Months before the November 3 election, the “coyotes” were telling poor and desperate people to get to the United States to be first in line—even though the Biden team was trying to say clearly, as in a December 22 interview by senior transition officials, that “the Biden administration will need time to fix the situation.” The Associated Press reported then-President-elect Biden’s position in December 2020, saying “it will take months to roll back some of President Donald Trump’s actions on immigration.” Post-inauguration statements by Secretary of Homeland Security Alejandro Mayorkas also repeatedly made this clear. I

That perception among migrants being more important than policy pronouncements in Washington recalls the late 1992 efforts by Haitians, prior to President Bill Clinton’s inauguration, to build boats in anticipation of a policy change on Caribbean migration that did not happen. Reported statements by Haitians back then imbued Bill Clinton with the same aura of fundamental change that others bestow on President Biden today. I

The solution to the surge is not policy, because the situation is being driven by perceptions, not policy. The solution is money.

The most important key to dealing with the 2021 surge will be to increase processing capacity for asylum claims, while remaining true to American laws and values.
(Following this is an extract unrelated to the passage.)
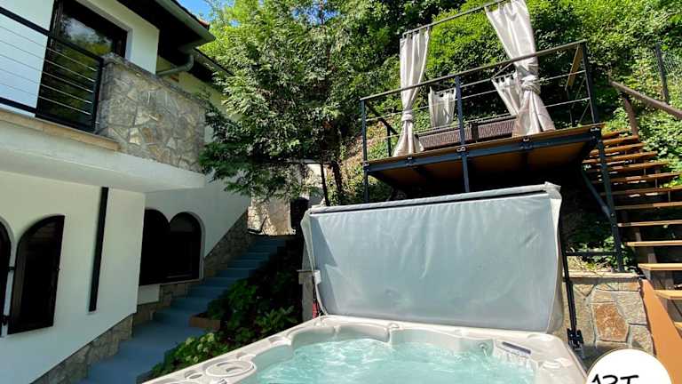 Die ARTtrend Luxury Villa bietet eine exklusive Unterkunft mit einem beeindruckenden Poolblick und geräumigen Übernachtungsmöglichkeiten. Die Villa umfasst 4 Schlafzimmer, ein Wohnzimmer sowie eine voll ausgestattete Küche und zwei Badezimmer. Zu den Annehmlichkeiten gehören ein Klimaanlage, kostenloses WLAN und ein Privatparkplatz. Zu den weiteren Einrichtungen zählen ein eigener Pool, ein Garten und ein Grillbereich. Entspannung finden die Gäste in der hauseigenen Sauna, dem Whirlpool und dem Spa-Center. Die Villa ist Nichtraucher und wird von einem privaten Gastgeber verwaltet.

The Biden administration has made some welcome changes, such as sending additional people to the border and proposing giving DHS officials the authorities to expedite a review of cases. These improvements will help but they aren’t likely to be sufficient.

What Congress needs to do in May 2021 is the same thing that Congress did during the Trump administration in June 2019: Lawmakers needs to pass an emergency supplemental appropriation to give HHS, DHS, and DOJ the necessary resources to expand capacity quickly.

In June 2019, with bipartisan support, Congress moved in a matter of weeks to appropriate $4.6 billion to address record-high monthly encounter numbers—numbers that the United States already exceeded in March 2021. Back in June-July 2019, this additional money, plus a drop in arrivals because of the summer heat, cleared up the backlog at the border within months, even though other policies did not change.

There is no substitute in a security and humanitarian crisis for ready cash. The government appropriations process is normally slow and deliberate, but the $1.9 trillion COVID-19 pandemic rescue shows Congress can move quickly when it needs to. Similarly, the $4.6 billion emergency supplemental in June 2019 happened quickly and was vital to resolving that year’s border security crisis.

The lesson for today to address the security and humanitarian situation at the southwest border, is that Congress needs to act now, and in a bipartisan way, as it did in June 2019. Lawmakers needs to urgently appropriate more money for DHS, DOJ and HHS to deal with the southwest border surge.